Undernews is the online report of the Progressive Review, edited by Sam Smith, who covered Washington during all or part of one quarter of America's presidencies and edited alternative journals since 1964. The Review has been on the web since 1995. See main page for full contents

July 7, 2009


Craig Crawford, CQ - Robert McNamara's death got me thinking about Martha Mitchell. She was the first person on the inside to blow the whistle on Viet Nam.

Of all the strange ways that the truth came out, one of the oddest sources was the colorful wife of one of Richard Nixon's Cabinet members. Her honesty with reporters behind the scenes put many on the path to the light in a very dark tunnel.

Publicly, Martha Mitchell was almost a cartoon character, her vivaciousness and blunt talk coming across as a bit nutty when chopped up into sound bites and pithy quotes.

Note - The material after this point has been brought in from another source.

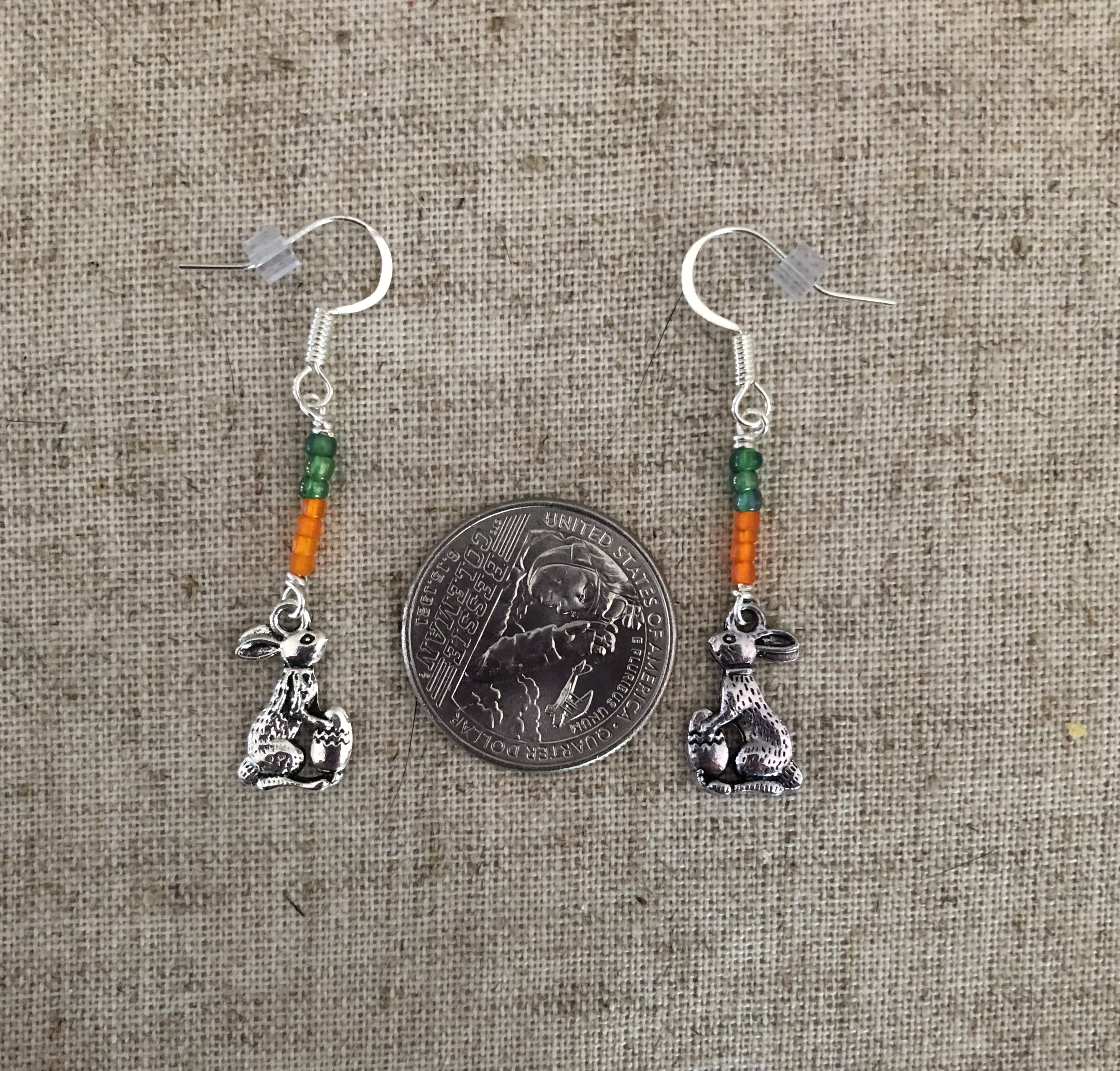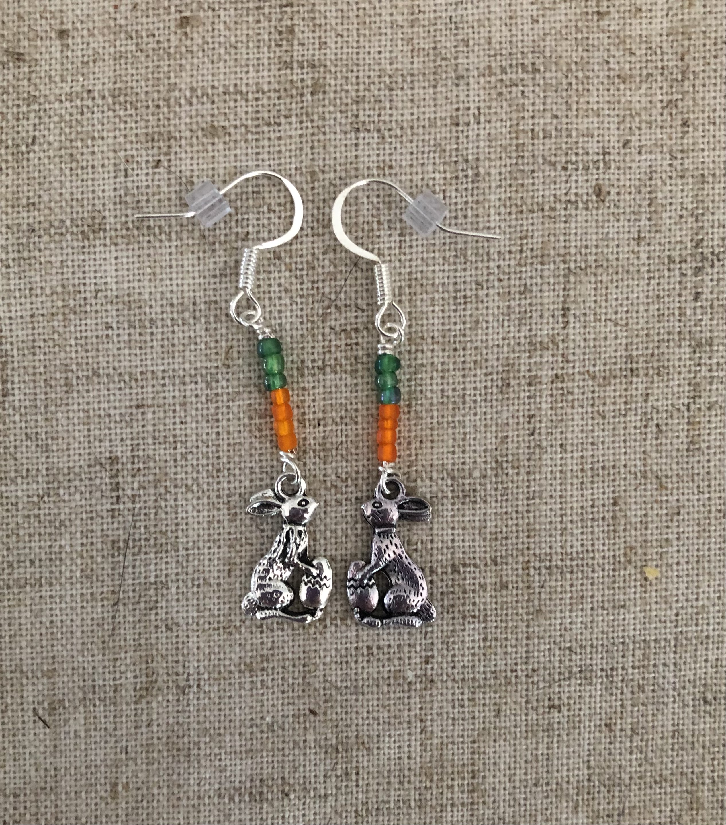 Little Easter rabbit charms wire wrapped with tiny orange and green beads mimicking carrots.

Once on a trip aboard Air Force One, while her husband, Attorney General John Mitchell, was in a meeting with Nixon, Martha got bored and wandered into the press area. After demanding that reporters ask her "something important," Mrs. Mitchell was asked, "What do you think of the Viet Nam War?"

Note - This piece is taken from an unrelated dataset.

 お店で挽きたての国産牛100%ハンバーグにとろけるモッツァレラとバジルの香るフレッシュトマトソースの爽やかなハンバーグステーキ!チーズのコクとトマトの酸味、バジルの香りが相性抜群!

"It stinks," she said, launching a full-throated rant against the war. Later, the press corps asked her husband if he would like to hear what she had said. "Heavens no," the attorney general answered. "I might have to jump out the window."

Once the Nixon team got word of Mitchell's remarks, her husband said he would only allow his wife to give interviews in Swahili.

After her death from bone cancer in 1976, Martha Mitchell's funeral featured a telling wreath with flowers that spelled out the message, "Martha was right."